バンザン・キーコン川、紅河・タイビン川、マー川、カー川の各流域では比較的整備された水利インフラがあるものの、河川の流量と水位の低下で約2900万人の生活用水、農業、事業活動、サービスへの影響が懸念されている。
塩水遡上はカー川で最大32km、マー川で28〜30kmまで及ぶ可能性があり、約80万haの農地も水不足のリスクに直面する。
乾季の流量はチュー川で56.4%、ダー川で47.3%、カー川で46.8%減少するとの予測もあり、給水や農業、水運、下流域の生態系維持に影響する恐れがある。
南中部沿岸では河川が短く急勾配で、乾季が長いうえ貯水・調整能力が限られるため、水不足リスクはさらに高く、コン川で72.8%、バー川で67.5%、トゥーボン川で52.8%の流量減少が予測されている。
ダナン市では、カウドー浄水場とホアリエン浄水場の合計給水能力が1日48万6000㎥に上るが、河川水や貯水池からの放流に大きく依存しており、ブーザー・トゥーボン川下流の塩水遡上も生活用水や農業用水に影響する可能性がある。
中部高原でも、水利施設の給水区域外にある工業作物や多年生作物への影響が懸念されており、多年生作物で安定的に水を確保できる割合は17〜19%にとどまる。
東南部ではドンナイ川流域の乾季の水需給逼迫度が国内で最も高く、都市部の給水能力約521万㎥/日のうち91%が上流の貯水池から直接または間接的に供給されている。

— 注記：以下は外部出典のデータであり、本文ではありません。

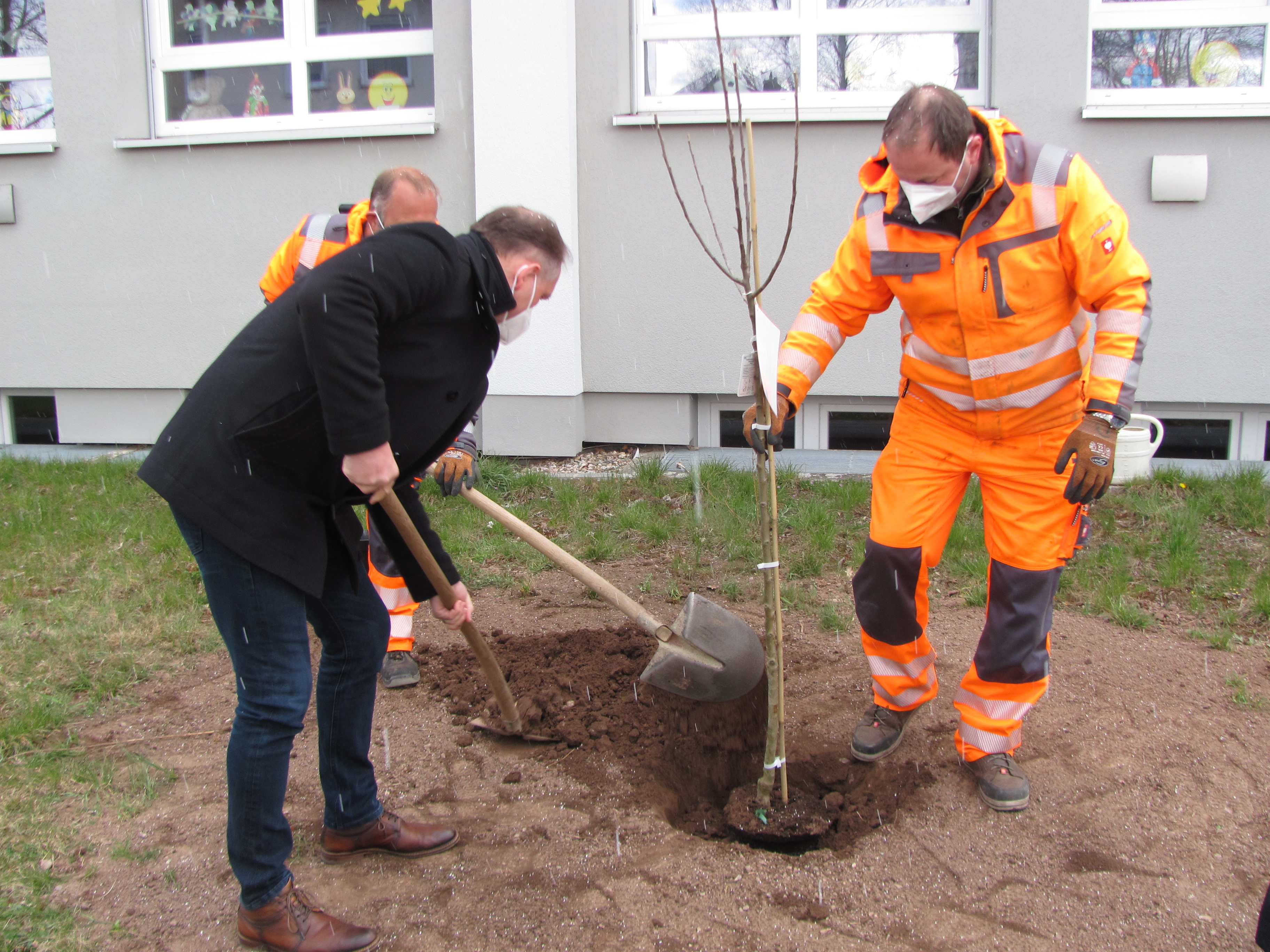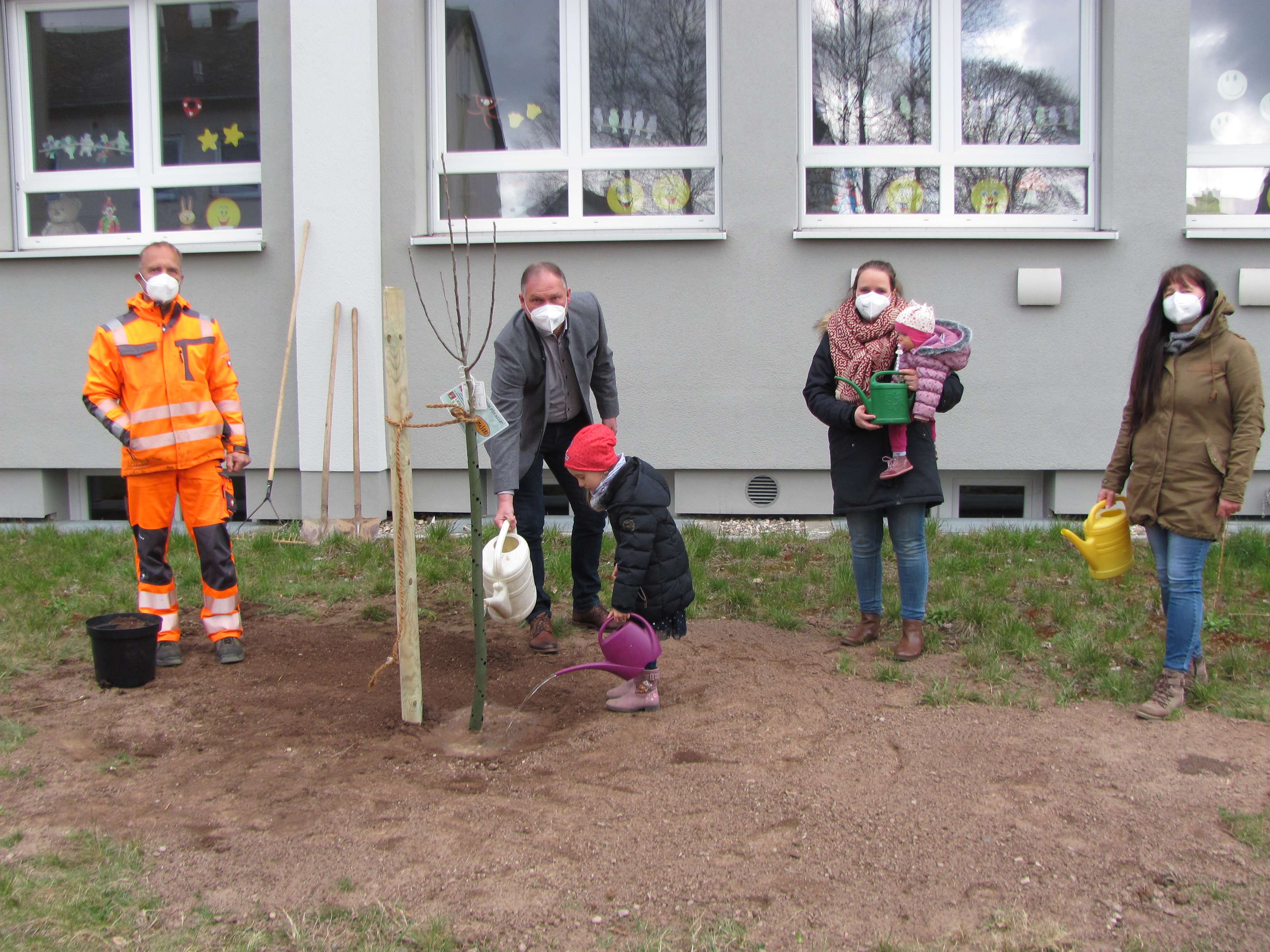 Bürgermeister Richard Kammerer hat bei der Aktion von Radio Ramasuri „Apfelbäumchen für alle“ mitgemacht und bekam prompt von dem Sender und der beteiligten Gärtnerei Steinhilber aus Neustadt ein Bäumchen. Das wurde jetzt nach Ostern ausgeliefert. So ein Bäumchen will ja auch gepflegt sein und Kammerer fand in Claudia Bertelshofer, welche die Mutter-Kind-Gruppen leitet und auch gleich neben dem Gemeindezentrum wohnt eine Patin. Am Mittwoch, 14.4. hatten die Mitarbeiter des Bauhofes die Pflanzstelle vorbereitet. Sie liegt genau vor dem Fenster des Gruppenraumes der Eltern-Kind-Gruppen so dass die Kinder beobachten können wie das Bäumchen wächst und blüht und dann Früchte trägt und die Früchte dann auch ernten können. Claudia Bertelshofer kümmert sich drum dass das Bäumchen regelmäßig gegossen wird. Bei dem Manteler Bäumchen handelt es sich um ein „adeliges“ Gewächs. Es trägt den Namen „Freiherr von Berlepsch“ und ist ein Sommerapfel. Wie Bürgermeister Kammerer bestätigte, wird der Markt Mantel auf eigene Initiative im Gemeindegebiet noch weitere Bäume pflanzen. Am Rande des neues Festplatzes ist schon eine kleine Obstwiese entstanden. Nach dem der Baum in der Erde war gossen gleich Kinder der Gruppe die mit ihrer Mama und Gießkännchen gekommen waren den Obstbaum.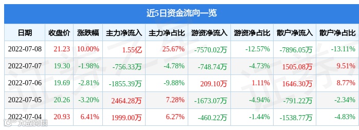 资金流向数据方面,7月8日主力资金净流入1.55亿元,游资资金净流出7570.02万元,散户资金净流出7896.05万元。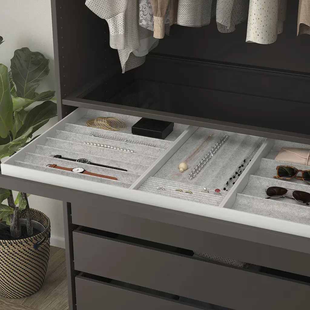 KOMPLEMENT Pull-out tray with insert - dark gray/light gray 39 3/8x22 7/8 ". The insert helps you store and organize your necklaces, rings, earrings and other accessories like sunglasses and watches. Soft felt protects your accessories and keeps them neatly in place.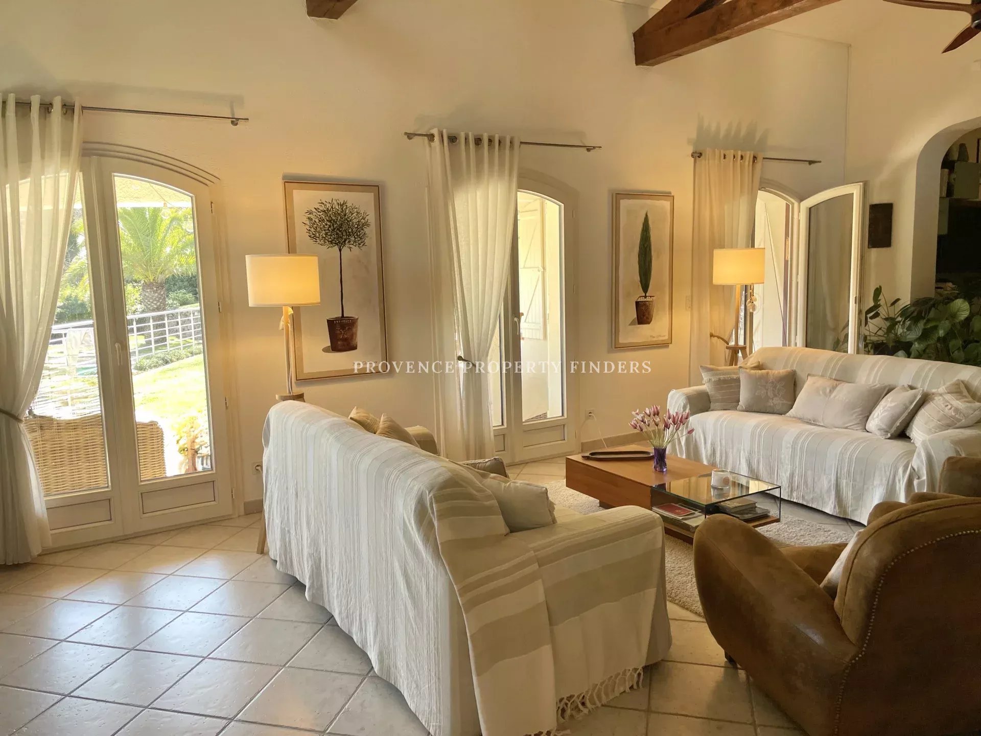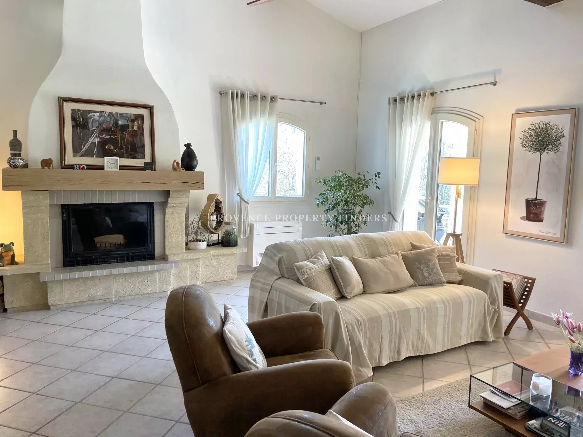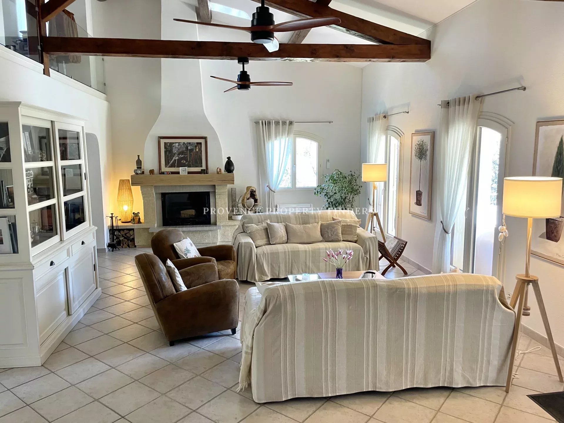 La villa de 220 m² vous offre un séjour ouvert et ensoleillé, donnant sur la terrasse (couverte). Hauts plafonds et cheminée à insert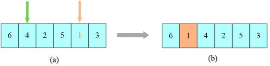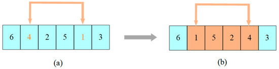 Crossover, often referred to as recombination, plays a vital role in evolutionary algorithms by combining the genetic information from two parents to produce offspring with hopefully better chromosomes. Essentially, crossover replaces partial structures of two-parent bodies to generate novel individuals. This operation not only retains the characteristics of high-quality individuals from the parent chromosomes but also maintains the diversity of solutions [33]. In this paper, before performing any operation on chromosome , node 0 (this node representing depot) is removed and contained within it first. The crossover operation is shown in Figure 4, where fragments (4,2,5) are selected from the parent , fragments (1,3,4) are selected from the parent , and then fragments (4,2,5) and (1,3,4) are placed before the parent and , respectively. The duplicate nodes are deleted, generating two new parents and . Finally, the depot insertion operator is used to repair infeasibility in the offspring generated by the crossover operator.

メコンデルタは水源の約95%をメコン川上流に依存しており、ティエン川とハウ川の流量が40〜60%減少した場合、塩分濃度4g/lの塩水が河口から40〜70kmまで遡上し、特に沿岸部の生活用水や農業生産を脅かす恐れがある。
水資源管理当局は各地方政府に対し、気象・水文予報を注視し、流域ごとの水配分計画を早期に策定するとともに、生活用水を優先し、水不足が予想される地域では作付け時期や作物構成、栽培面積を調整するよう求めている。
また、乾季の予備水源として地下水を活用するため、特にメコンデルタなどで既設の井戸や取水施設を点検・復旧し、干ばつや水不足、塩水遡上が発生した際の生活用水確保に備える方針である。